# Demon axles



## rosenj87

Does anyone have any experience with Demon axles?


----------



## J2!

Never heard of them. Is that the name of the company who makes them or a certain type or style of axle ??


----------



## rosenj87

i believe its the brand of axle. ATV Products |UTV parts |ATV parts


----------



## DangerRanger13

where would you even buy them at?


----------



## rosenj87

The company i purchased my lift from suggested them.


----------



## hursteric

What about these?? 2008 2009 2010 Kawasaki Brute Force 750i 4X4I Monster XP Rear CV Axle Pair Lift | eBay  has anyone ever used or head of these. Seems like a decent idea with the shaft being spring loaded. Im just curious of the longevity of the shaft.


----------



## J2!

No sir you don't wanna but anything from the cvman. Everyone I know that has bought something from him broke it on their first ride. Everything he sells is junk......


----------



## BigSac

Okay since were on the topic of axles; has anyone heard anything negative on Rhino axles from SuperAtv???


----------



## J2!

^^The Rhinos are decent axles for what they cost. Lots of info on this site about them. Just search Rhino axles and it will pull up lots of threads on them.


----------



## rosenj87

i just ordered two rhino for the front of my rzr.


----------



## hursteric

I also went with rhino. I will say once you get them check your boots before installing. I installed mine and noticed a small tear in the boot where the clamp is. I called super atv they had me ship it back to them and sent me a new one. It sucked because it was rite before Christmas and new years so it took a little wile to ship. But they were cool about the whole thing.

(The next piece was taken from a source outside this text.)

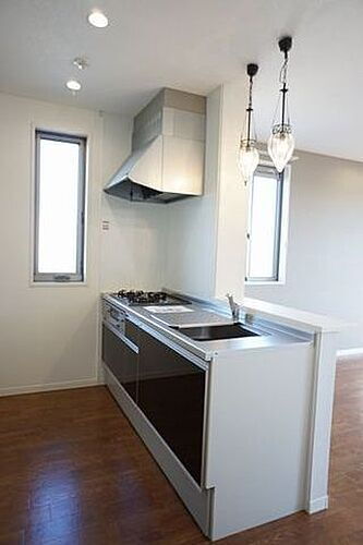 ■キッチン■3口ガスコンロのシステムキッチン!お料理の効率も上がりますね♪対面キッチンなので、会話を楽しみながらお料理もできます♪

---------- Post added at 10:45 AM ---------- Previous post was at 10:44 AM ----------



J2! said:


> No sir you don't wanna but anything from the cvman. Everyone I know that has bought something from him broke it on their first ride. Everything he sells is junk......


Thanks for the info man!!


----------



## J2!

Yeah the rhinos are good axles but their boots are junk. Every time I install one now I just put new boots on it before I put it in. Gorillas are the same way.


----------